# bear montana longbow-arrows?



## suffolk_mopar (Jan 15, 2010)

2117`s are like shooting cedar tress threw your bow. once you get some lighter arrows you`ll realize what a mistake the 2117`s were to begin with. trust me, been there,done that. i now shoot carbons spined at 500. much better value for me. and my shooting has improved also. and yes, this was with a montana long bow a few yrs ago.


----------



## I'm Not Ted (Feb 12, 2009)

I don't think 2117's are that bad. However, a lighter equivalent would be 2018's, which are what I shoot. You should download Stu Millers Dynamic Spine Calculator. It helps a ton.


----------



## WindWalker (Jan 23, 2005)

At your draw-weight and draw-length, 2117s with 100 grn heads will likely be a bit stiff. However, you can tweak the shaft spine and probably obtain decent flight. 2117s were a very popular shaft size at one time.


----------



## rev_jch (Feb 27, 2010)

Thanks guys. The 2117 I currently shoot out of my predator recurve, I was nto going to use these in the montana, only try them (see what they would do).
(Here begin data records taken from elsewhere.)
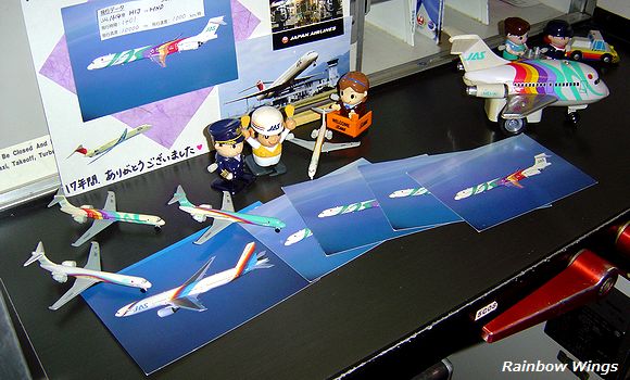 機内には沢山のMD-90&JASグッズが。 広島-羽田航路にて 2013年3月30日 |
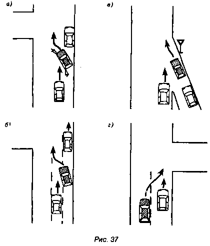 2. Конфликты с транспортом, перестраивающимся на полосу вашего движения с соседних рядов (рис. 37).
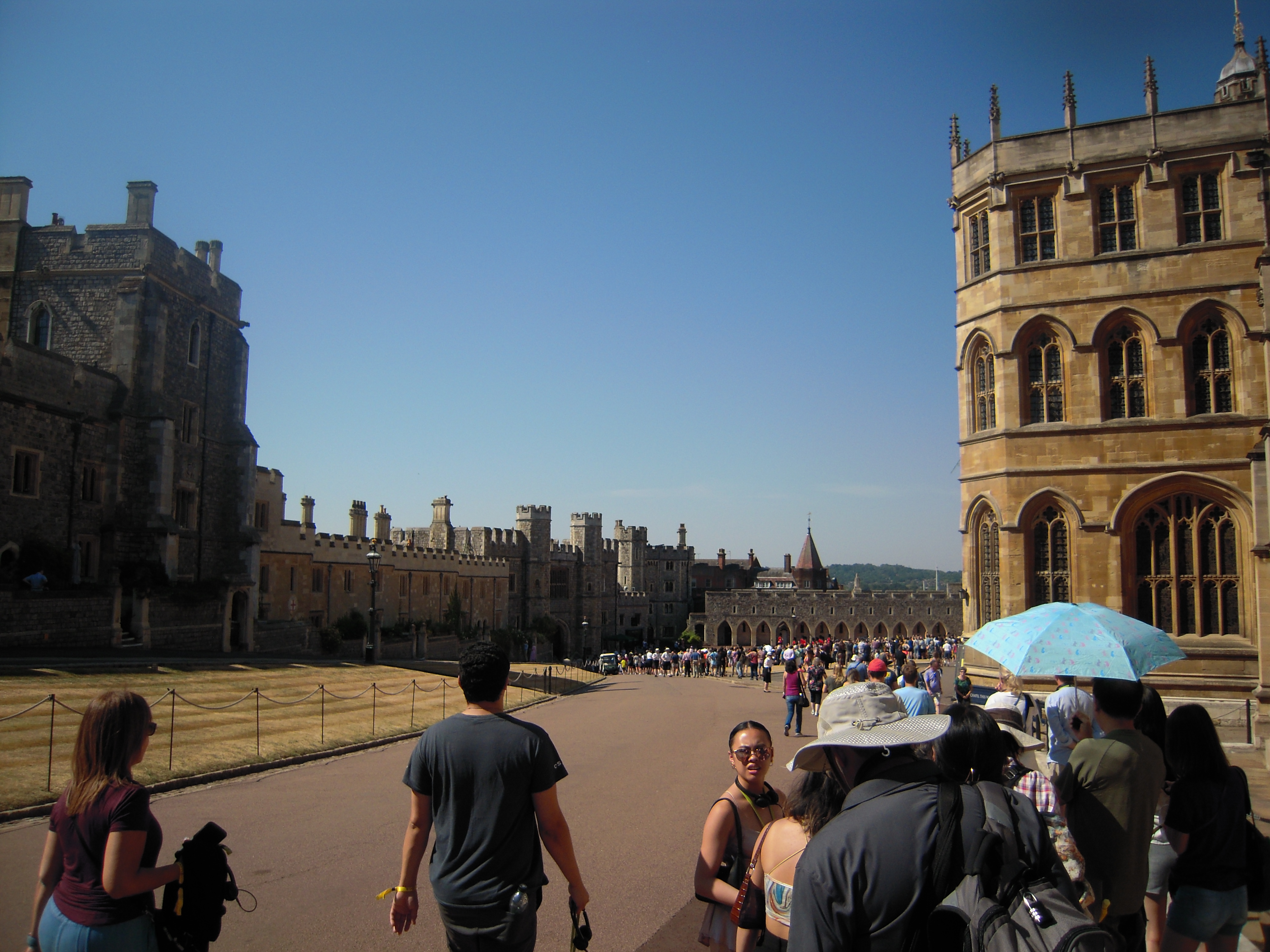 Windsor Castle in the distance. This photo was taken from the bus parking lot.![]()
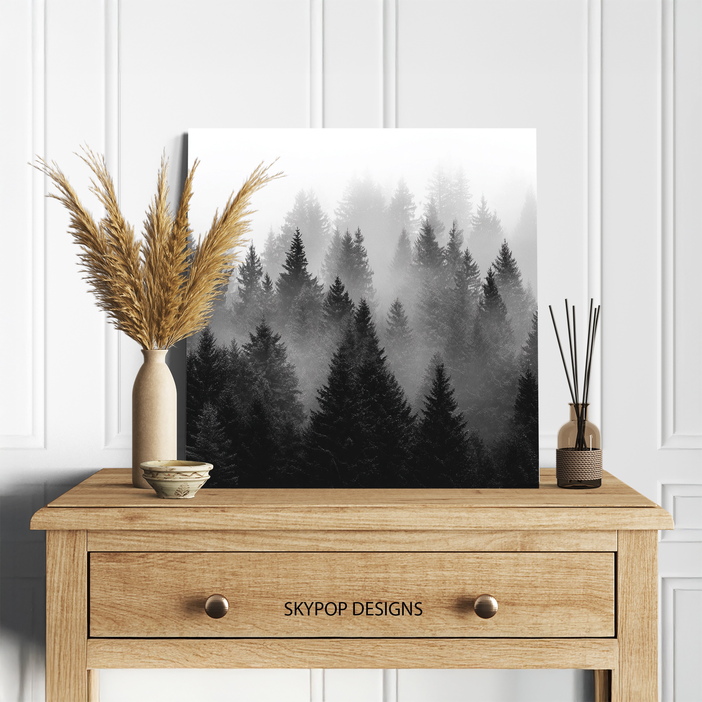 Misty Forest Art, Canvas or Poster, Nature Minimalism Decor, Living Room Bedroom Office Bathroom Wall Art, Black White Grey, Modern Wall Art
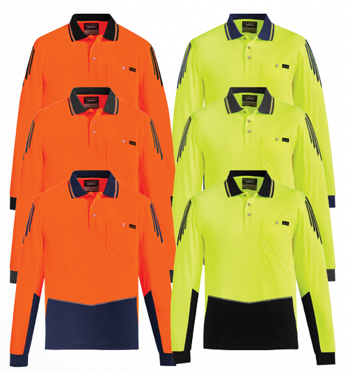Unique Hi Vis compliant stretch mesh runs down the side panel and under sleeve for extreme breath ability in hot conditions, Moisture wicking, Quick dry, Chest pocket, Contrast print on the shoulder.
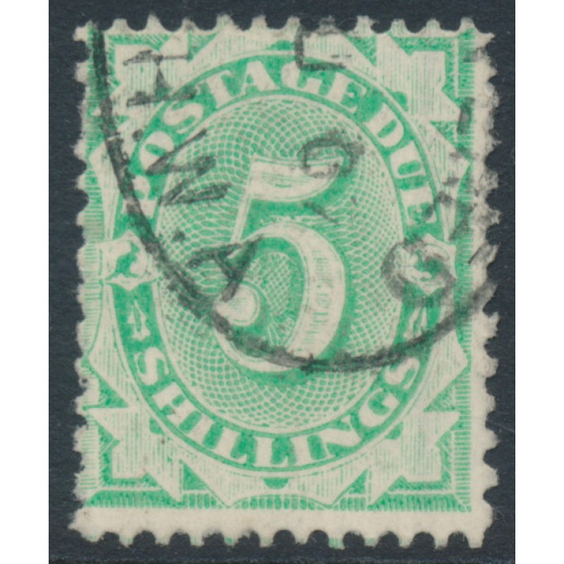1903 5/- emerald Postage Due, filled in base, perf. 12:11, inverted crown NSW watermark, used – no thins, tears or bends.

They shoot great, i would ot change a thing. But the montana longbow I'm guessing needs the lighter arrow. I was looking at maybe using eastons xx75 gamegetter in a 1916, it's lighter, alittle smaller, than the 2117, but still has a little weight to it. I want to use it for target shooting and hunting


----------



## WindWalker (Jan 23, 2005)

2016s cut to 30" with 100 grain heads should fly well out of that bow.


----------



## rev_jch (Feb 27, 2010)

Thanks everyone. I have talked to a few people who have shot this particular bow and have told me for the poundage, the 2016's would shoot really well. So I am going to give them a try.

Thanks for all your help!


Sincerely
John


----------



## steven4554 (Apr 13, 2010)

i have a 55# bear montana, my draw length is about 28.5". i use 31" .400 carbon fiber arrows with 100 grain tips. i've played around a bit with arrow length and tip weight for tuning, and this setup seems about perfect.


----------



## Bowhunter59901 (Feb 14, 2010)

I'm shooting a Bear Kodiak 45# recurve, and guide says 2016's with a 100 FP @ 27". I am using a 145 gr FP with my arrows at 29.5" with a total arrow wt of 500 gr with great accuracy.

The arrow guide is just that, a guide as you can try other arrows to see what works and doesn't work for your bow.


----------



## rev_jch (Feb 27, 2010)

Thanks for all the input, it is really appreciated.

I decided to go wiith the 2016, wih a 100 grain tip. Seems to be a pretty good setup


----------